New Jersey Future Blog
Market Demand Drives Increase in Multifamily Building Permits in New Jersey
February 20th, 2013 by Tim Evans
After several years in the doldrums of a recession, the homebuilding industry is finally beginning to show some signs of recovery. According to an analysis by Bergen County’s The Record of Census Bureau building permit data, 2012 was “the busiest year for housing construction since 2008,” with permit activity increasing by a third as compared to 2011.
What is particularly remarkable about the recovery is that it is being driven by construction of multifamily housing. According to The Record, 58 percent of building permits issued in 2012 were for multifamily housing – the largest multifamily share on record since data collection began in 1980.
What’s more, this 58 percent figure actually understates the popularity of multifamily housing, because of the way the Census Bureau tabulates building permits: in the Census Bureau data, a single permit can cover an entire multifamily structure, regardless of how many individual living units the structure contains. Thus the number of multifamily permits understates the number of actual multifamily units.
This recent dramatic rise of multifamily housing as a driver of building permits is actually a continuation and intensification of a pattern New Jersey Future has already studied (PDF). That report, published in 2010, noted that permits for multifamily housing made up a much larger percentage of total building permit activity in the 2000s than in the 1990s, accounting for only 13 percent of total building permits from 1990 to 1999 but increasing to 30 percent for the 2000-2009 period.
And this increase was not just due to a resurgence in building activity in the state’s urban centers – the usual suspects when it comes to multifamily housing.

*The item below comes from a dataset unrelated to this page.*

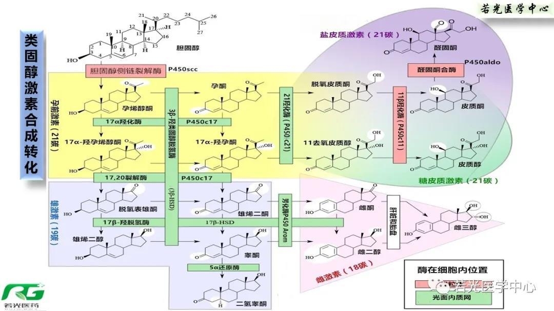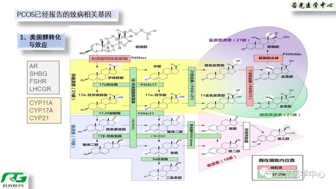 高雄的来源,必须清晰,肾上腺高雄必须鉴别。而PCOS高雄是来源于性腺的高雄。而性腺的高雄仍然与遗传学因素高度交织,涉及性腺发育,类固醇转化及效应(受体)变异。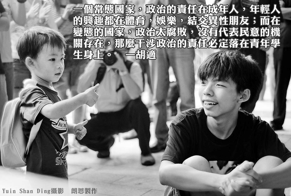 一個常態國家,政治的責任在成年人,年輕人的興趣都在體育,娛樂,結交異性朋友;而在變態的國家,政治太腐敗,沒有代表民意的機關存在,那麼干涉政治的責任必定落在青年學生身上。

It was also attributable to the fact that the issuance of multifamily permits became much more geographically widespread, with fully half of the state’s municipalities issuing at least one multifamily permit between 2000 and 2009, compared to only a third of municipalities issuing any between 1990 and 1999. New multi-family housing was welcomed into many more communities in the 2000s than had been the case in the 1990s.
The trend is likely to continue, with the Millennial generation – now into its prime household-formation years – expressing a preference for city living and more urban amenities (like proximity to public transportation) and eschewing homeownership, especially the kinds of houses they grew up in.